Very unusual, I'm wondering if anyone could help find the cause.

  1. In this project, I created a simple SQLite database file and stored it in the Assets folder. It is called Customers.db and contains one table called CustomerList. The table columns are ID (integer primary key), CustomerName and Country.

  2. In the DatabaseHelper object, the method loadDatabase() loads the database from the assets folder into the phone's internal memory.

  3. DatabaseHelper method getRecords() returns an Array of Customer objects and these are the fields of these customer objects are listed in a RecyclerView in the MainActivity. To simply the experiment, as a first step, the getRecords() method return all the rows of the table.

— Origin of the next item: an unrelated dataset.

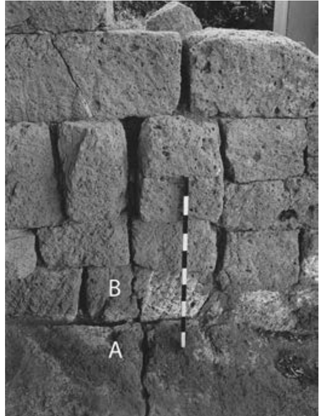
Fig. 124. Cracks in the tufa rock (at A) and the wall D3, block II:5 (at B).

When run for the first time the following exception is reported:

java.lang.RuntimeException: Unable to start activity ComponentInfo{com.mo.useexistingdatabasedemo/com.mo.useexistingdatabasedemo.MainActivity}: java.lang.NullPointerException: Attempt to invoke virtual method 'int java.io.InputStream.read(byte[], int, int)' on a null object reference

And the second time it's run, the input stream seems to be no longer null, but instead an sqliteexception is reported:

java.lang.RuntimeException: Unable to start activity ComponentInfo{com.mo.useexistingdatabasedemo/com.mo.useexistingdatabasedemo.MainActivity}: android.database.sqlite.SQLiteException: no such table: CustomerList (code 1 SQLITE_ERROR): , while compiling: SELECT * FROM CustomerList

In ,my project class DatabaseHelper is defined as follows (and its methods are called from the MainActivity).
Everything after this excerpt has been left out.